Note that the installation commands may be different based on the system you are running. Nevertheless, it should be easy to tweak these commands on Linux and MacOS.

  1. Install an OpenSSH Client on the Local Machine
  • Check if the SSH client is installed by running ssh on the terminal.
  • If the OpenSSH client is not installed, you can install it using the line
1

sudo apt install openssh-client
  1. Install an OpenSSH Server on the Remote System

  • Check if OpenSSH Server is installed by running ssh localhost.

  • If the server is not installed, you will see something like this:

    ssh: connect to host localhost port 22: Connection refused

  • If the server is not installed on the remote, you can install it using the following line

1

sudo apt-get install openssh-server

Note: If you intend to connect to and from the remote machine, you should install OpenSSH Client and OpenSSH Server on the local and remote machines.

  1. Verify that OpenSSH Server is running (by default, it should be running after installation)
  • Run sudo service ssh status
  • If the server daemon is not running, you can restart it with,
1

sudo service ssh restart
  1. Get the IP address of the remote machine using the sudo ifconfig -a command. (You may need to install net-tools if ifconfig is not found: sudo apt install net-tools)

Getting Remote IP

  1. Connect via SSH
  • General syntax to connect: ssh your_username@host_ip_address

Connecting to the Remote via SSH

  1. Allow SSH to establish the connection via firewall using UFW.
    • Install UFW: sudo apt install ufw,
    • Check if UFW is running: sudo ufw status,
    • Start UFW: sudo ufw enable,
    • When the VPS is set up for IPv6, make sure to confirm that UFW is set up to handle IPv6 as well: sudo nano /etc/default/ufw,
    • Allow SSH: sudo ufw allow ssh or sudo ufw allow 22/tcp,
    • The TCP protocol facilitates the communication on port 22 with this instruction. Allow TCP to connect using sudo ufw allow 2222/tcp
    • Revoke permission for SSH: sudo ufw delete allow ssh. The same can be done for TCP.

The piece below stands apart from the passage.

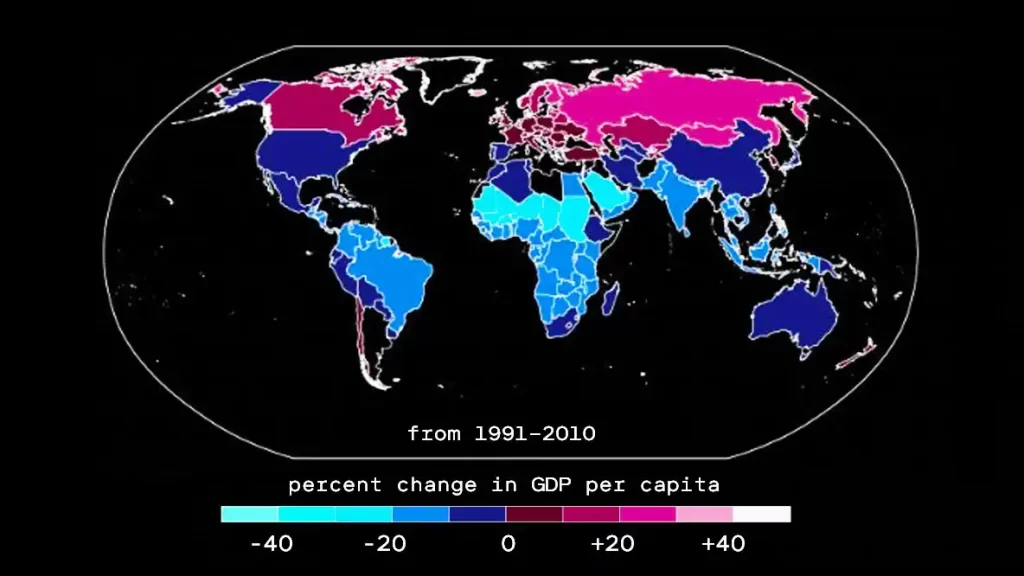 Secondo lo studio pubblicato su Proceedings of the National Academy of Sciences, dal 1961 al 2010, l’innalzamento delle temperature ha comportato il taglio del PIL individuale nei paesi più poveri dal 17% al 31%. Questo effetto ha contribuito all’inasprirsi del divario economico fra paesi poveri e paesi ricchi di oltre il 25% in più rispetto a “un mondo senza riscaldamento globale”, rallentando una transizione altrimenti positiva verso la riduzione della disuguaglianza in quella stessa metà di secolo.

Every time you SSH to a remote server, you will be required to input the password for the remote machine as a form of authentication. Another way of authentication is to use SSH Keys.

Generating SSH Keys

Generate SSH Keys of RSA type and 4096 bytes in size by running the command

1

ssh-keygen -t rsa -b 4096

You can accept the defaults and set the passphrase if you want (keep the passphrase safe).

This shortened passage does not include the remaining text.